Now my problem so far involves defining the CHECK constraint for the base tables. I don't see why DATEPART(MONTH, date) IN (1, 2, 3) is not valid. BOL says only certain operators are permitted for an updatable partitioned view and they don't mention anything about deterministic functions.

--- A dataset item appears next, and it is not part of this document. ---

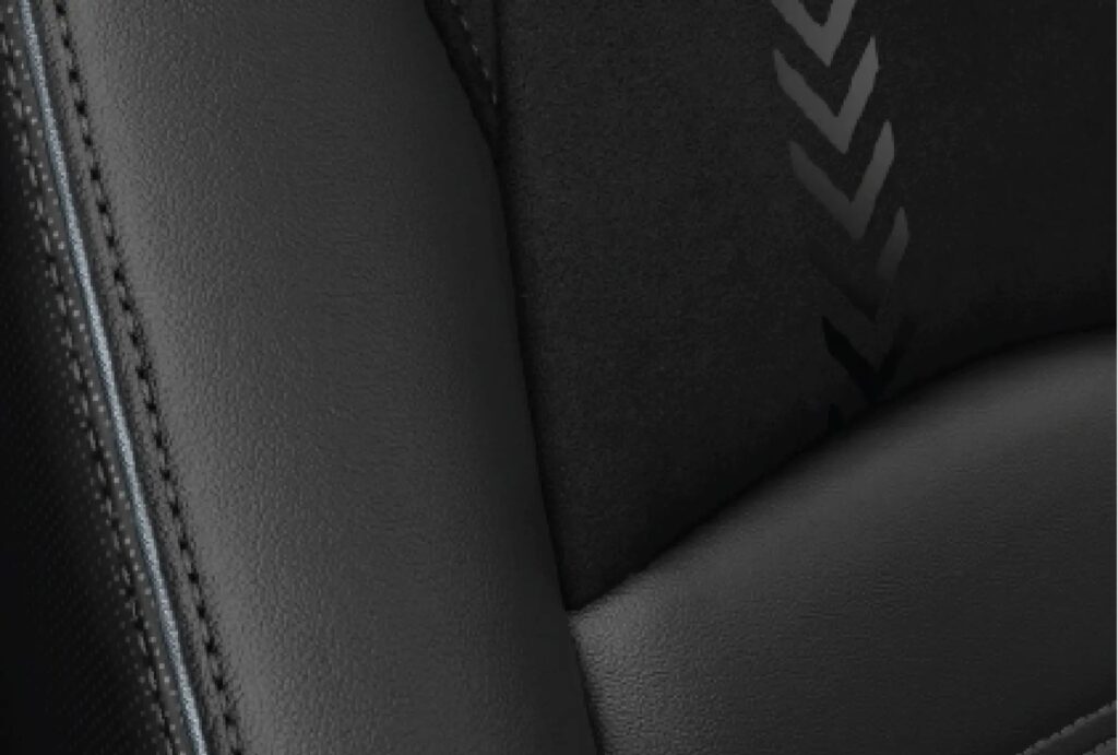 - เบาะนั่งหุ้มหนังและผ้าสีดำ – ด้ายสีเทา

Anyone have any ideas on this that could help me?
April 3, 2003 at 7:56 am
Can you post your script?
April 3, 2003 at 9:35 am
Here is an example I quickly threw together to illustrate the problem:
CREATE TABLE dbo.data_q1(
[date] DATETIMENOT NULL CHECK (MONTH([date]) IN (1, 2, 3)),
refid INTEGER NOT NULL,
data INTEGERNOT NULL
CONSTRAINT PK_data_q1 PRIMARY KEY CLUSTERED ([date], refid)
)
GO
CREATE TABLE dbo.data_q2(
[date] DATETIMENOT NULL CHECK (MONTH([date]) IN (4, 5, 6)),
refid INTEGER NOT NULL,
data INTEGERNOT NULL
CONSTRAINT PK_data_q2 PRIMARY KEY CLUSTERED ([date], refid)
)
GO
CREATE TABLE dbo.data_q3(
[date] DATETIMENOT NULL CHECK (MONTH([date]) IN (7, 8, 9)),
refid INTEGER NOT NULL,
data INTEGERNOT NULL
CONSTRAINT PK_data_q3 PRIMARY KEY CLUSTERED ([date], refid)
)
GO
CREATE TABLE dbo.data_q4(
[date] DATETIMENOT NULL CHECK (MONTH([date]) IN (10, 11, 12)),
refid INTEGER NOT NULL,
data INTEGERNOT NULL
CONSTRAINT PK_data_q4 PRIMARY KEY CLUSTERED ([date], refid)
)
GO
CREATE VIEW dbo.data WITH SCHEMABINDING
AS
SELECT[date],
refid,
data
FROMdbo.data_q1
UNION ALL
SELECT[date],
refid,
data
FROMdbo.data_q2
UNION ALL
SELECT[date],
refid,
data
FROMdbo.data_q3
UNION ALL
SELECT[date],
refid,
data
FROMdbo.data_q4
GO
INSERT INTO dbo.data VALUES ('01 Jan 2003 08:30:00', 0, 0)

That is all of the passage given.